SUPPLIED INFORMATION.
»»

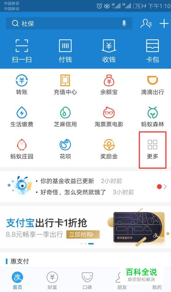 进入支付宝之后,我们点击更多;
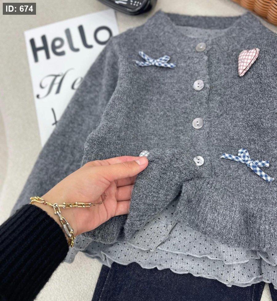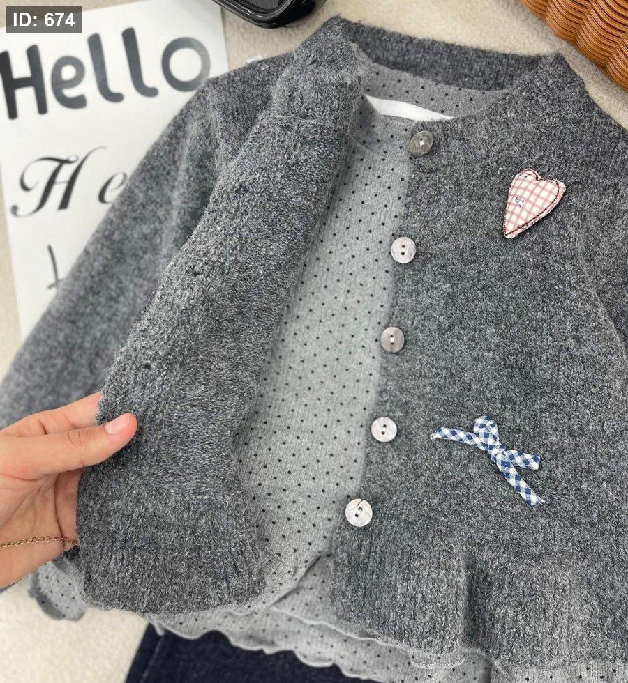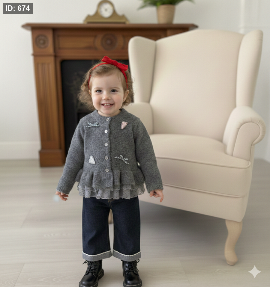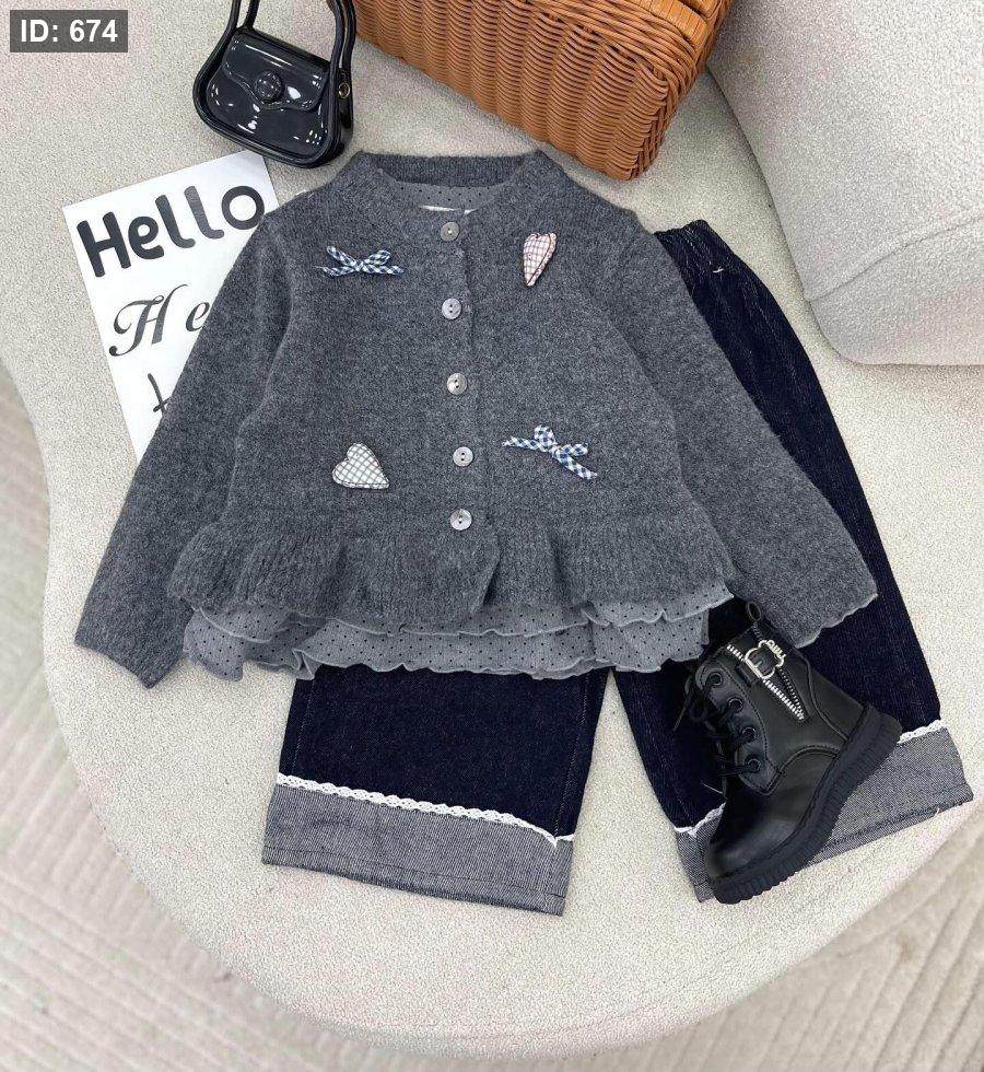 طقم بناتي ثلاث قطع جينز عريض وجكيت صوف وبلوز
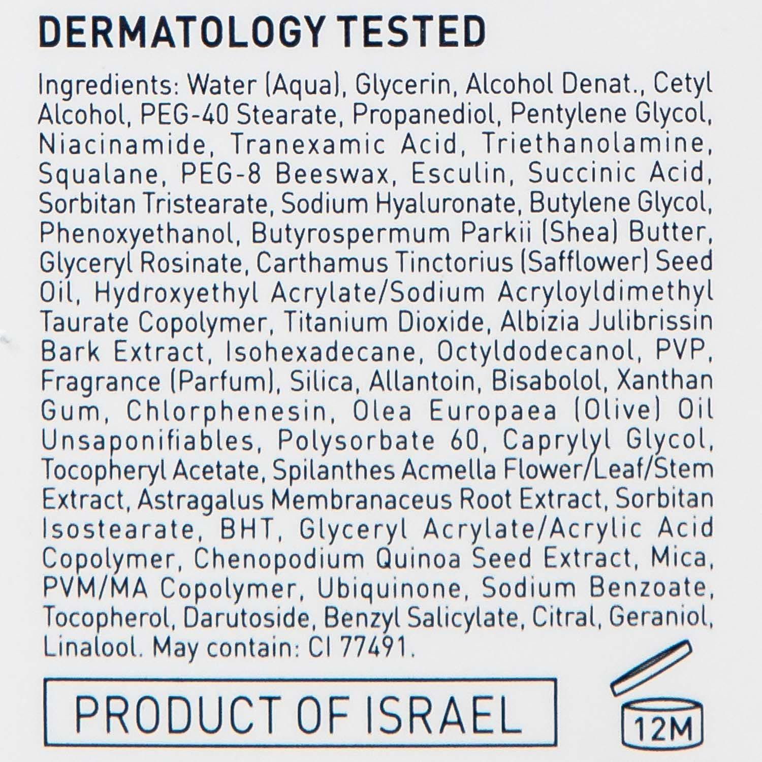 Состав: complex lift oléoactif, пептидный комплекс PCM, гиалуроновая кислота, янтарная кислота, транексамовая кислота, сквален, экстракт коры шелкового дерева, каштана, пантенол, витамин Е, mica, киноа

««

ACTIVITY.
Retype the listing above exactly. Pictures are not part of the copy.

RESULT OF THIS EXERCISE.
 进入支付宝之后,我们点击更多;
 طقم بناتي ثلاث قطع جينز عريض وجكيت صوف وبلوز
 Состав: complex lift oléoactif, пептидный комплекс PCM, гиалуроновая кислота, янтарная кислота, транексамовая кислота, сквален, экстракт коры шелкового дерева, каштана, пантенол, витамин Е, mica, киноа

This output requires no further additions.